A few days ago I finally achieved a long-standing goal of walking north from Boot (in Eskdale, Cumbria) up towards Wastwater. Boot is quite remote, to say the least. The shortest route from Grasmere, by a considerable margin, is over the Wrynose and Hardknott passes, but these are difficult in a lot of weather conditions, so some folk take the longer route around southern Cumbria via Ulverston and Broughton-in-Furness. Happily the weather smiled on my journey, so the passes needed only ordinary care – and I’ll be writing a bit more about Hardknott on another occasion. Wastwater has a reputation of being the most remote lake in all of┬áLakeland, but since it has a fairly direct route up onto Scafell or Scafell Pike (depending which track you choose at the start, down in the valley) it still attracts a decent number of people.

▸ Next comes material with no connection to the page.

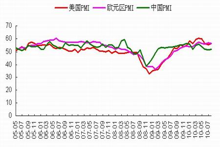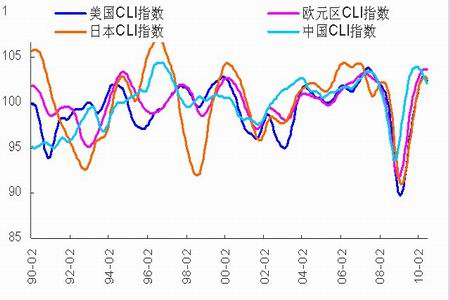 首先,從OECD領(lǐng)先指標(biāo)來看,全球主要經(jīng)濟(jì)體增速放緩態(tài)勢(shì)基本確認(rèn)。美國(guó)與中國(guó)等亞洲國(guó)家出現(xiàn)掉頭下降,日本與德國(guó)還在上行中,但由于兩個(gè)國(guó) 家復(fù)蘇的基礎(chǔ)是出口,隨著新興經(jīng)濟(jì)體的增長(zhǎng)放緩,兩個(gè)國(guó)家的上行趨勢(shì)能否保持依然存在較大的疑問。當(dāng)前,全球經(jīng)濟(jì)的系統(tǒng)性風(fēng)險(xiǎn)在減少,但經(jīng)濟(jì)復(fù)蘇放緩卻也 是不爭(zhēng)的事實(shí)。一方面,歐洲債務(wù)危機(jī)得到緩解,危機(jī)國(guó)成功發(fā)行債券籌措到資金,歐洲銀行業(yè)也通過了壓力測(cè)試;而另一方面,隨著刺激政策效果的消退,美國(guó)經(jīng) 濟(jì)復(fù)蘇的動(dòng)力明顯放緩。歐洲受惠于強(qiáng)勁出口的推動(dòng)亦難以延續(xù)至第四季度。失業(yè)、收入、財(cái)政赤字等長(zhǎng)期因素成為拖累經(jīng)濟(jì)持續(xù)復(fù)蘇的主因。這將導(dǎo)致發(fā)達(dá)國(guó)家進(jìn) 入持續(xù)高失業(yè)率、低增長(zhǎng)率的弱勢(shì)復(fù)蘇時(shí)期。

Looking toward the Irish Sea from Burnmoor
Looking toward the Irish Sea from Burnmoor

The attraction for me was the chance to see some of the prehistoric sites just north of Boot. Today the region is a rather damp and unprepossessing tract of moorland, but back in the Neolithic and Bronze ages, it supported a reasonable population who (presumably) found it a pleasant spot to live. Times change. Back then, the sea level in the north-west of England was probably somewhere between 10 and 30m above where it is now. The change is principally because the land has risen rather than the sea level falling. As the weight of ice fell away from the land after the close of the last ice age, say about ten thousand years ago in round numbers, the land bounced back (the technical term being “isostatic rebound“). If you take a map of present-day Cumbria and shade in another 20 metres worth of sea, you find that places like Boot were not so far away from the coast.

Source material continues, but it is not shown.